● **Materials provided**
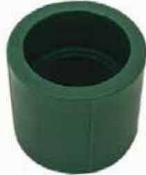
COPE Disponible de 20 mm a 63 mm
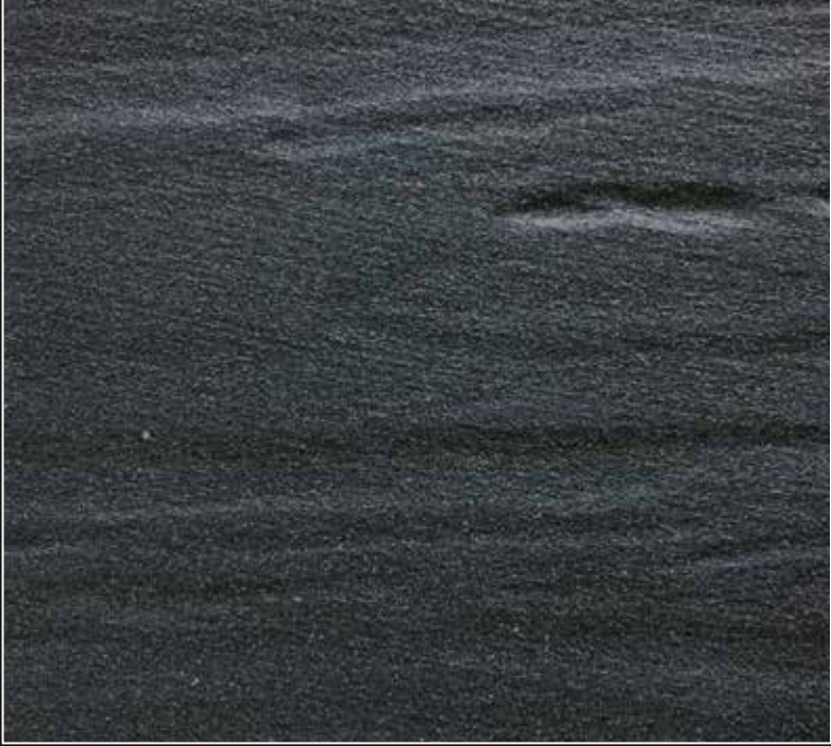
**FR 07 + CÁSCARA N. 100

--

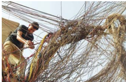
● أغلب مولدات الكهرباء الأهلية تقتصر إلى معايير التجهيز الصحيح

● **Task instructions**
Using the entries above, transcribe every line from the line containing "COPE Disponible de 20 mm a 63 mm" through the line containing "CÁSCARA N. 100". Do not copy pictures.

● **Answer to the exercise**
COPE Disponible de 20 mm a 63 mm
**FR 07 + CÁSCARA N. 100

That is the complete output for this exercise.